In the context of the given exercise, understanding the structure helps in predicting the course of the chemical reaction.
Sodamide Reaction
Sodamide (NaNH2) is a strong base commonly used in organic chemistry to deprotonate compounds and initiate elimination reactions. When 1,1-Dibromopentane reacts with sodamide, a double dehydrohalogenation occurs, removing two bromine atoms and two hydrogen atoms. This process results in the formation of a triple bond, effectively converting a single-bonded carbon structure to an alkyne:
CH3-CH2-CH2-CH2-CBr2 + 2 NaNH2 → CH3-CH2-CH2-CH2-C≡CH + 2 NaBr + 2 NH3.
The byproducts of this reaction are sodium bromide (NaBr) and ammonia (NH3).
CH3-CH2-CH2-CH2-CBr2 + 2 NaNH2 → CH3-CH2-CH2-CH2-C≡CH + 2 NaBr + 2 NH3.
The byproducts of this reaction are sodium bromide (NaBr) and ammonia (NH3).
Triple Bond Formation
The formation of a triple bond is central to the transformation in this reaction.
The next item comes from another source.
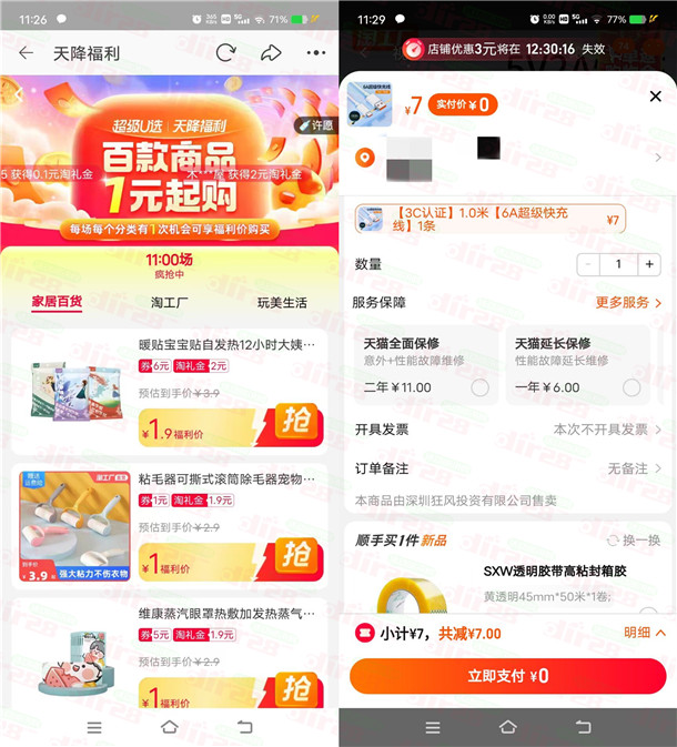 小编提示:每个分类每天都可以撸1次,打开淘宝APP扫码、或者复制淘口令打开淘宝APP进去,每天11点都会补充新的商品和库存,每天都可以1元撸各种实物商品,用红包抵扣可以最低0元撸实物

Through double dehydrohalogenation, the removal of two halogen atoms (bromine) and two hydrogen atoms allows the creation of a carbon-carbon triple bond. This results in an alkyne structure, specifically 1-pentyne (CH3-CH2-CH2-CH2-C≡CH).
Alkynes are characterized by having a triple bond between two carbon atoms, making them more reactive than their alkene and alkane counterparts.
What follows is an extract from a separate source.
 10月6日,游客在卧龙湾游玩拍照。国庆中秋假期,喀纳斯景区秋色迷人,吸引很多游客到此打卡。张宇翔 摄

Introducing a triple bond significantly alters the physical and chemical properties of the molecule, making it a valuable intermediate in various organic synthesis reactions.
Alkynes are characterized by having a triple bond between two carbon atoms, making them more reactive than their alkene and alkane counterparts.
Introducing a triple bond significantly alters the physical and chemical properties of the molecule, making it a valuable intermediate in various organic synthesis reactions.
Dehydrohalogenation
Dehydrohalogenation is a chemical reaction that involves the elimination of a hydrogen halide (HX) from an organic molecule. In the case of 1,1-Dibromopentane, the molecule undergoes double dehydrohalogenation when treated with a strong base like sodamide:
CH3-CH2-CH2-CH2-CBr2 + 2 NaNH2 → CH3-CH2-CH2-CH2-C≡CH.
In this process, each dehydrohalogenation removes one hydrogen (H) and one bromine (Br) atom, eventually leading to the formation of a triple bond between the carbon atoms. This mechanism is crucial in organic synthesis, especially for creating unsaturated compounds like alkynes.
CH3-CH2-CH2-CH2-CBr2 + 2 NaNH2 → CH3-CH2-CH2-CH2-C≡CH.
In this process, each dehydrohalogenation removes one hydrogen (H) and one bromine (Br) atom, eventually leading to the formation of a triple bond between the carbon atoms. This mechanism is crucial in organic synthesis, especially for creating unsaturated compounds like alkynes.